Atopic keratoconjunctivitis and vernal keratoconjunctivitis are severe ocular allergic diseases that threaten vision. The clinical characteristics of these diseases include T helper cell 2 (Th2 cell)–dominant conjunctival inflammation that manifests as giant papillae as well as secondary corneal epithelial disorders such as superficial punctate keratopathy, shield ulcer, and corneal plaque.
1 Given that the cornea is a transparent tissue and contributes to ocular refraction, such corneal lesions result in disturbance of vision. The cornea consists of three distinct layers—the epithelium, stroma, and endothelium—each of which is composed of a distinct type of resident cell: epithelial cells, keratocytes, and endothelial cells, respectively. In addition, Langerhans cells are present in the limbal area of the corneal epithelium and immune cells—including dendritic cells (DCs), macrophages, and monocytes—reside in the normal corneal stroma, with immature resident myeloid DCs in the stroma undergoing maturation in response to corneal inflammation.
2–5 These observations suggest that resident immune cells of the cornea play important roles in corneal inflammation. Keratocytes also play key roles in the recruitment of inflammatory cells into the cornea during acquired or innate immune responses. We and others have shown that stromal fibroblasts (transdifferentiated keratocytes) are a major source of CCL11 (also known as eotaxin-1),
6,7 a chemokine for eosinophils whose concentration in tear fluid has been found to correlate with the severity of corneal damage in individuals with atopic keratoconjunctivitis. Whereas stromal fibroblasts produce CCL11 in response to stimulation with various cytokines or bacterial components such as lipopolysaccharide, corneal epithelial cells do not.
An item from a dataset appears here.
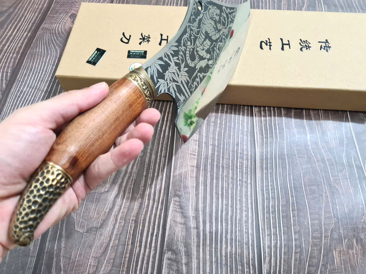 - Chức năng: Chặt xương ống, chân giò, trâu bò - Kích thước: Lưỡi: 22cm, cán: 10cm, rộng: 10cm, dầy: 5ly, trọng lượng: 800g - Cán : Gỗ mun, Khâu đồng đỏ , chốt đinh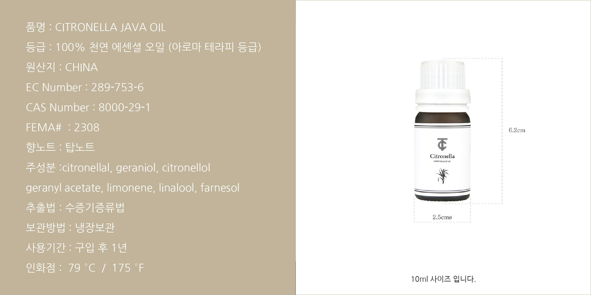 레몬과 비슷한 풍부하고 신선하고 상쾌한 향기를 풍기는 이 향긋한 풀은 프랑스어로 '레몬밤'을 의미하는 시트로넬라 라는 이름을 얻었습니다. 시트로넬라는 레몬그라스와 외관 및 성장, 가공방법이 유사하여 흔하게 오인되기도 하는데, 'Lynongrass'라고 불리는 Cymbopogon과 같은 식물 군에 속하기 때문에 둘은 '사촌'으로 간주됩니다. 이 둘을 구별하는 가장 쉬운 방법은 색상입니다. 시트로넬라 Citronella 의 색상이 적색인 반면, 레몬그라스 Lemongrass 는 회백색을 갖고있습니다. 수 세기동안 시트로넬라 오일은 중구 스리랑카 및 인도네시아의 자연적인 의약 치료법과 식품 성분으로 사용되었습니다. 그것은 전통적으로 통증, 감염, 발진 및 염증을 완화하기 위한 요리의 향료제로 사용되었으며, 무독성 방충제의 역할로 자연스럽고 향기로운 가정용 세정제나 향수, 비수, 세제, 향초, 화장품의 성분으로 사용되었습니다. 시트로넬라 오일은 지속적으로 가치를 인정받고 있으며, 클렌징, 소독, 탈취등의 특성으로 이용되고 있습니다.

7–9 Instead, the corneal epithelium serves as a barrier to protect the eye from external agents such as antigens, dust, inflammatory mediators, and microbes.
Necrotic cells release various endogenous molecules known as alarmins that signal danger to surrounding tissue. These molecules—which include high-mobility group box 1 protein (HMGB1), interleukin (IL)–1α, IL-33, heat shock protein 60, uric acid, S100 proteins, DNA, ATP, and β-defensin 2—induce an inflammatory response characterized by the rapid migration of inflammatory cells into the injured tissue.
10 We have previously shown that alarmins released by corneal epithelial cells play an important role in corneal sterile inflammation and wound healing.
11 The mechanism responsible for triggering the inflammatory response to cellular injury during ocular allergic inflammation has remained unclear, however. Given that the corneal epithelium is often damaged in individuals with severe ocular allergic diseases, we have now examined whether alarmins released from necrotic corneal epithelial cells might contribute to this inflammatory response.